Never mind what others achieve or which goals they have:) You must do whats right for YOU!
Keep on going!
Thanks, i love the name colourtheday
xx
Ahhhahahaha! I was just discussing “trivial goals” with PFH#1 where I’d decided yesterday if I got a project done, I would reward myself with streaming episodes of Food Network Star. And it worked like a charm. Seems completely dumb to everyone else, but to me it’s a big deal. Look kids, I’m just passionately in love with Alton Brown…we all gotta have our muses and motivational goals. He’s mine. Hehehehe. So you know, whatever works for you in the end. Really screw what anyone else thinks. Make it realistic, make it work for you, and when you see you CAN accomplish these goals, you’ll WANT to achieve more and more. You can give yourself bigger goals after you gain that confidence. Until then what you’re doing is fine, you can’t beat yourself up over it though. That is self-defeating. Focus on what you HAVE done rather than what you HAVEN’T done. Try doing something silly like rewarding yourself with silly things like I do. Another example of something I would do: “If I finish this project, I can pamper myself by painting my nails.” Little goals add up to big results. ^_^
Whatever floats your boat Miss Pistachio
Focusing on my achievements rather than my failures is such a huge hurdle for me, but i’m trying still! I went for a really long walk today and felt AMAZING about it
And because of your own suggestion, i’m going to paint my nails tonight. It’s going to have to be a crazy colour because when i think of you i think of crazy colours – must be the pink hair haha
xx
Mine are “Baker Street” blue right now. I miss London so much I could break down and cry.
They aren’t trivial goals at all!
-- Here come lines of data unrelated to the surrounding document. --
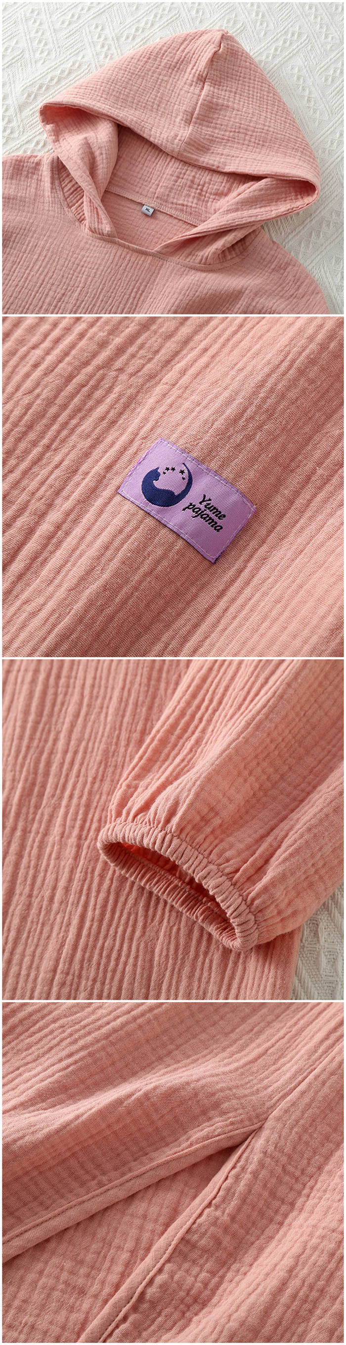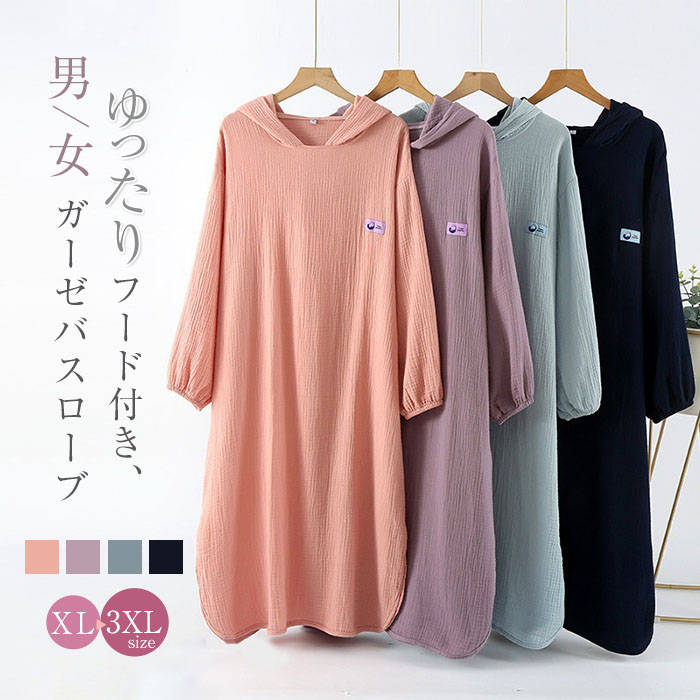 ガーゼ フード付き 綿 ルームウエア ピンク パープル ブルー ネイビー XL 2XL 3XL
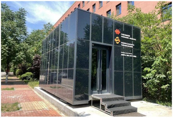 The measurement object is located within a university campus in Jinan, Shandong Province, China. It serves as an experimental platform jointly established by the National Energy Administration and the university. The experimental building is a regular single-story BIPV building with dimensions of 3.9 m in height, 6.6 m in length, and 4 m in width (Figure 2). As shown in Figure 2, the building’s south side is adjacent to a pedestrian crosswalk with a 2 m width and red permeable paving. During summer, the building’s north side is surrounded by trees and shrubs, with partial vegetation blocking on the east and west sides.
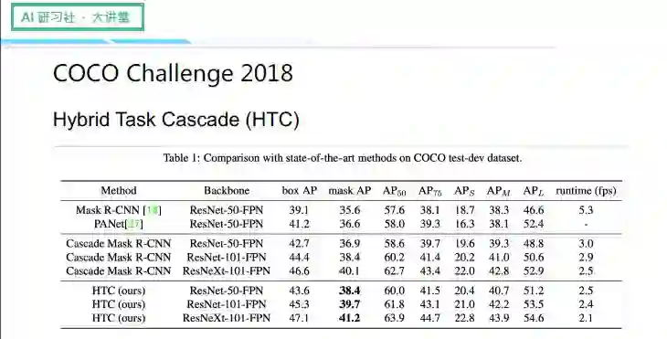 第一,针对 detection 和 segmentation,我们提出了 Hybrid Task Cascade,简称 HTC;
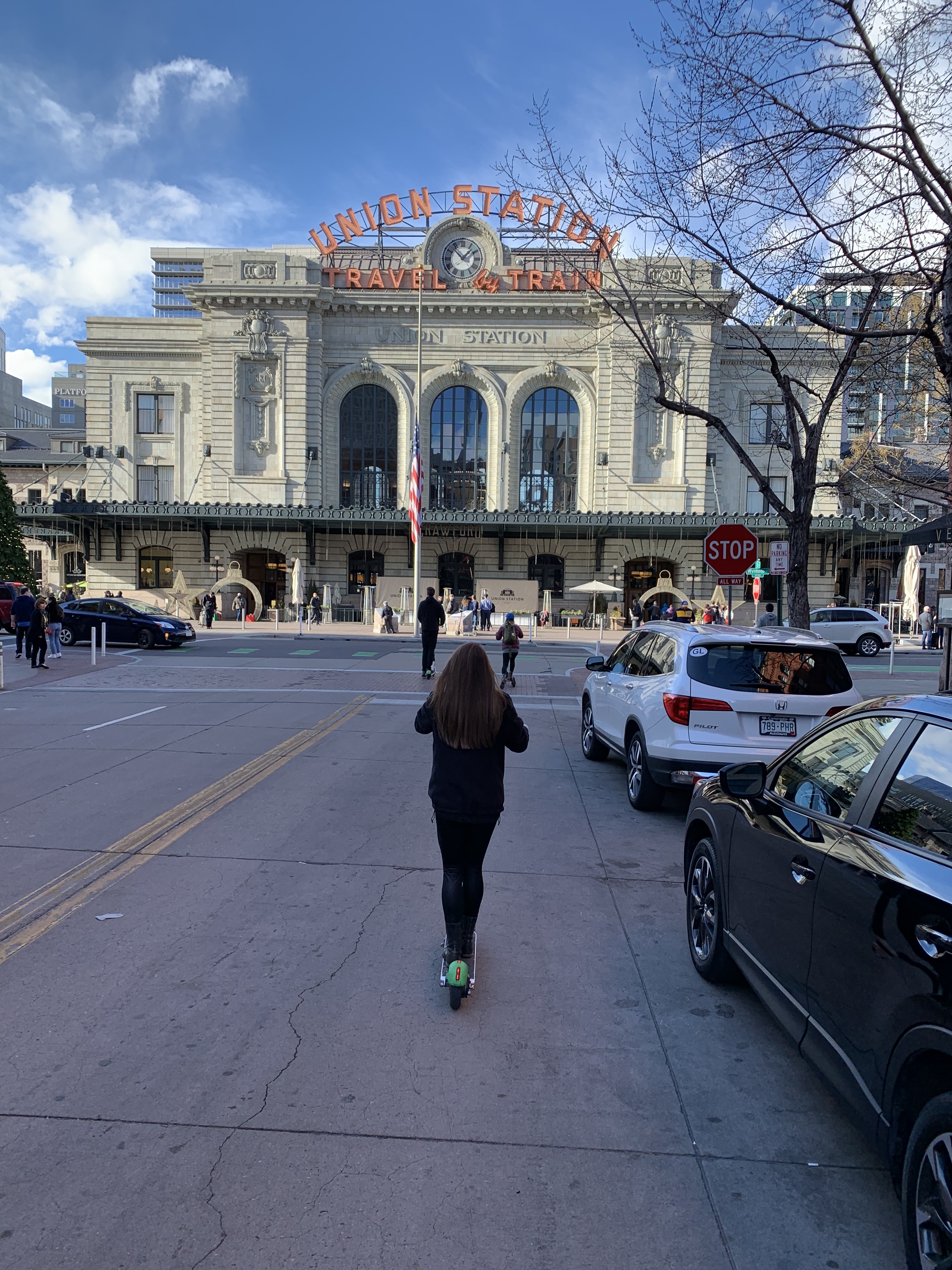 On this date, we started out by parking on a street in RiNo (Denver’s art district) where there are colorful murals everywhere you look (my favorite). We downloaded Lime, an app that allows you to rent electric scooters/bikes, and began to explore around Union Station!

I used to think I ‘should’ be able to just get up and do what everyone else was doing right away, and funnily enough I used to always end up falling down in a heap. My case manager explained it – imagine a staircase. Instead of taking one stair at a time, you try to take a giant leap to the top and end up not being able to make it, falling down to the bottom again! One step at a time and you will get there

My goals.. are very ‘trivial’ and I battle with the ‘this is pathetic in anyone else’s language’ feeling all the time. For example one of mine was to have full strength milk in my coffee instead of watered down milk – so that’s about an inch of milk’s difference in a day – not even going to make a difference – but then again it will make a HUGE difference because it’s changing your mindset.
Look at it this way – you aimed for what was it, 3 healthy breakfasts? And you achieved two of them? WELL DONE. That’s two more healthy breakfasts than you were doing before!
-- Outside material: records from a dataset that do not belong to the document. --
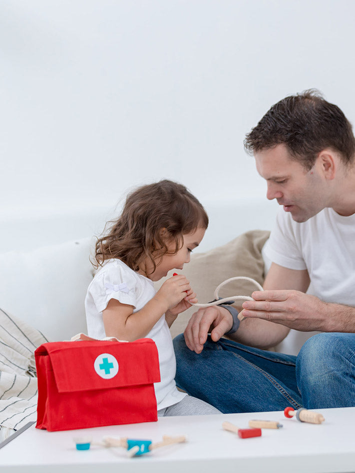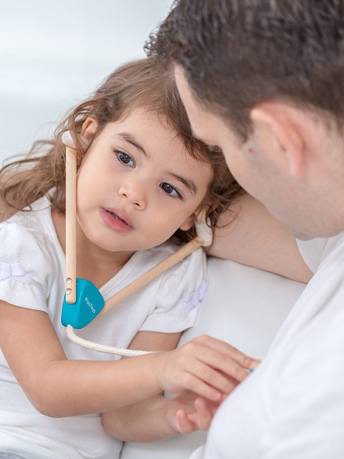 PRETEND PLAY: Diminish your little one's fear of the doctor's office with the PlanToys Doctor Set. Introduce children to the tools that doctors use and let them become a doctor on their own! Role play as a pediatrician check a fluffy friend's heart rate or monitor a sibling's blood pressure. Your child's imagination can run wild here! SUSTAINABLY-MADE: Crafted with planet-friendly rubberwood and stained with non-toxic water-based dyes the playset's pieces are free from sharp edges and toxic chemicals. INCLUDES: 5 pieces of medical equipment - including a stethoscope blood pressure monitor thermometer syringe reflex hammer and handy red soft cotton case. Suitable for children 3 years and older. Product Dimension 8x21.5x14.5 cm
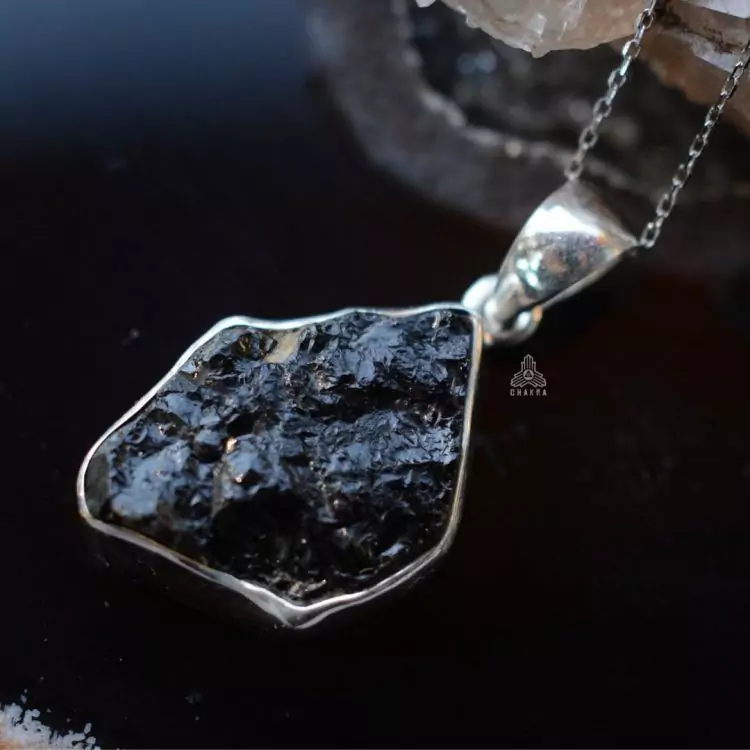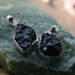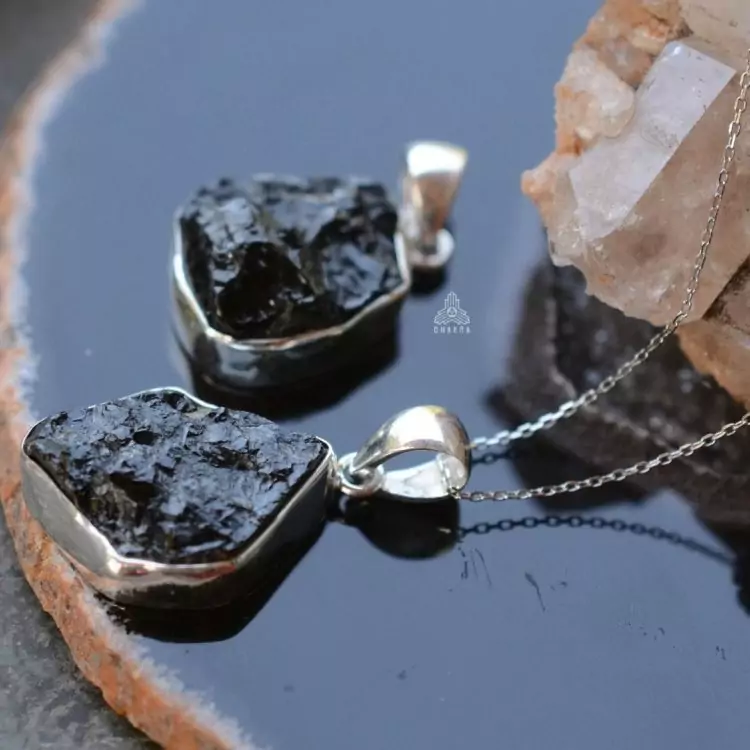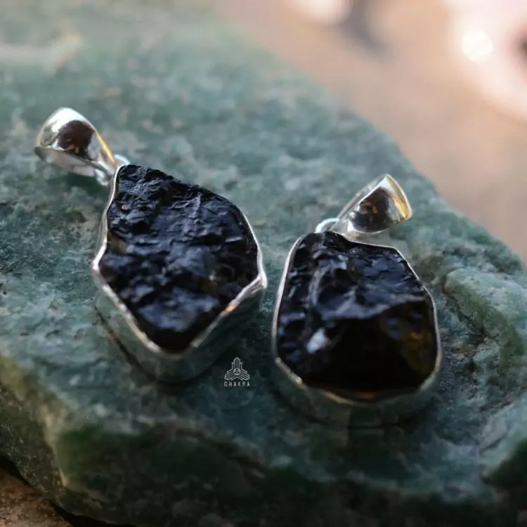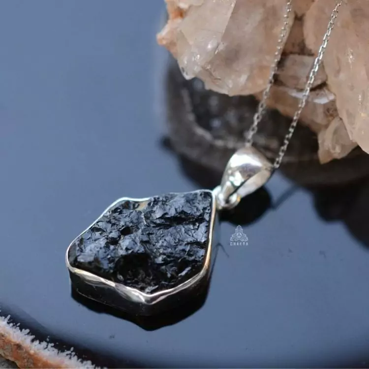 Pingente de prata 925, também conhecida como prata de lei, com uma turmalina negra natural em sua forma bruta
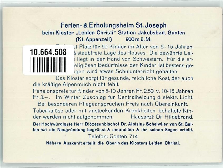 9108 Gonten Werbe AK Ferien- und Erholungsheim St. Joseph
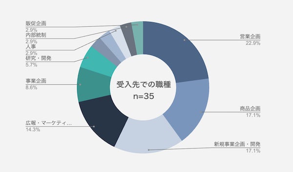 最後に、ベンチャーでの担当プロジェクトを職種としてまとめました。side projectは大企業から出てくる人材の職種が多岐に渡っていることが特徴です。そのためベンチャーでの担当範囲も多様なものとなりました。今回は営業企画・広報マーケティング・商品企画などのほか、バックオフィス系の方も1割程度います。
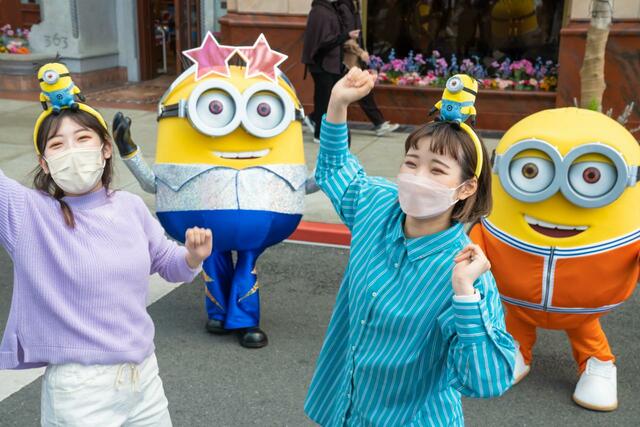 ド派手な衣装のミニオンたちが賑やかに行進しながら登場し、ゲストとグリーティングしてくれます。

Well done, Emma, don’t lose sight of all you have done – and you have achieved a lot xxx
That’s a brilliant analogy, i swear therapists collect them and use them when you need a boost! I’m glad they do though, it helps get some perspective of our rationalities.
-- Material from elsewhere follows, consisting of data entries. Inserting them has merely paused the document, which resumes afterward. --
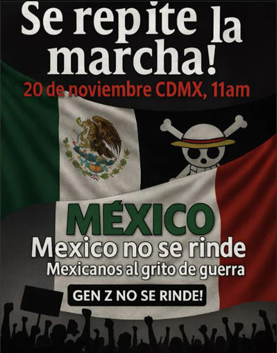 La convocatoria establece que la movilización se realizará el 20 de noviembre a las 11:00 horas, replicando el mismo punto de partida utilizado el pasado sábado en las más de 50 ciudades donde se llevó a cabo la primera jornada. En el caso de la Ciudad de México, la cita será en la Glorieta del Ángel de la Independencia, sobre Paseo de la Reforma, para avanzar nuevamente hacia el Zócalo capitalino.
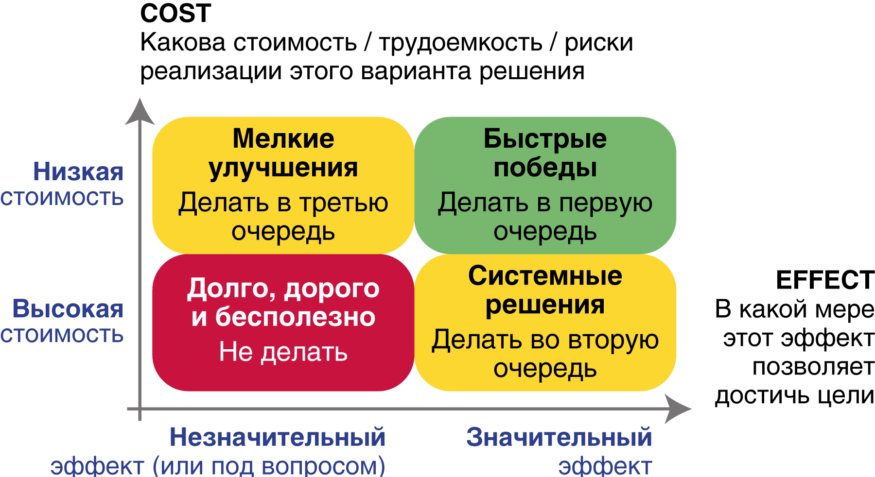 III. Создать варианты решения — можно провести классический мозговой штурм, когда каждый высказывается по очереди, все идеи записываются без критики и затем группируются. А иногда лучше собрать индивидуальные предложения участников, записанные ими на отдельных стикерах, и затем сгруппировать похожие предложения.
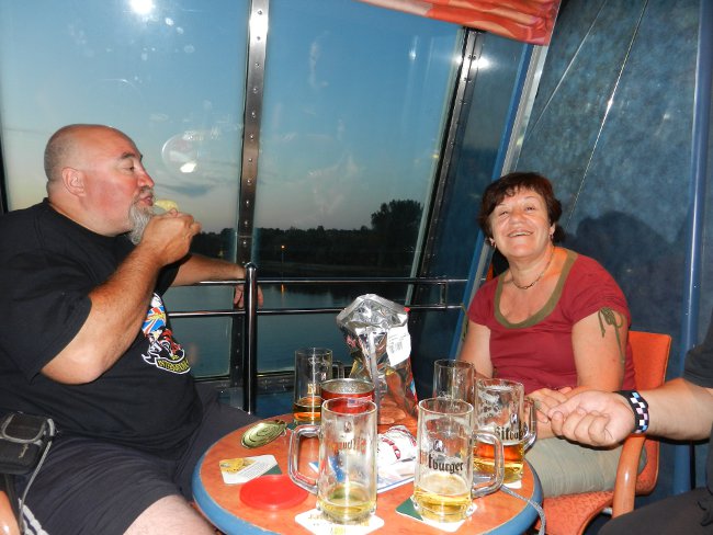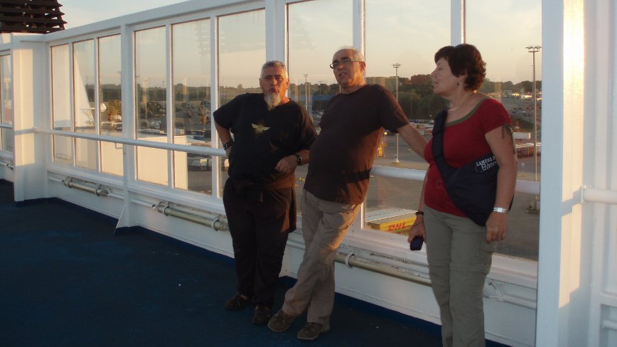 Durant les més de dues hores d'espera, vam aprofitar per visitar la botiga duty free del port, on els camioners s'avituallaven d'alcohol a carretons i on nosaltres també vam comprar cerveses i Bacardí. Finalment, ja passades les vuit del vespre, vam embarcar. |
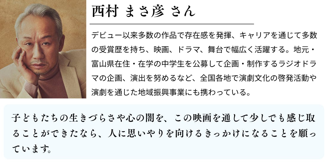 この映画を通じて、大人たちが、自分のあり方を見つめ直すきっかけになればと思っています。
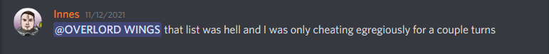 Liam: With those considerations in mind this was less a "game" and more "a game-like experience." Warhammer 40,000 9th edition was technically played. Innes cheated with his pylons for half the game until he noticed that you're meant to choose ONE shooting profile for their main gun, and not just fire both. It didn't matter because I could have shot at the Pylons until 2023 and not killed one, and he needed a game that was about 10 turns long merely to have enough shooting activations to kill the trash on my side of the table. On the plus side, I did manage to kill a Catacomb Command Barge, thanks to his complete inability to roll saves for it. Watching that skeleton idiot die was the highlight of the game, indeed the only positive part of the experience except spending a couple of hours hanging out with Innes in a format where I was unable to lose to him.

I’m really proud of you for having full strength milk in your coffee as i know you’ve said how you can get dehydrated because of your problems with water. So this IS a bit deal, well done
And like you said, it’s changing your mindset.
Thank you Fiona
xx
Thank you! I’m proud of YOU too
xx
I bet there is a library full of analogies somewhere! Can you imagine? Or they must have a handbook of them!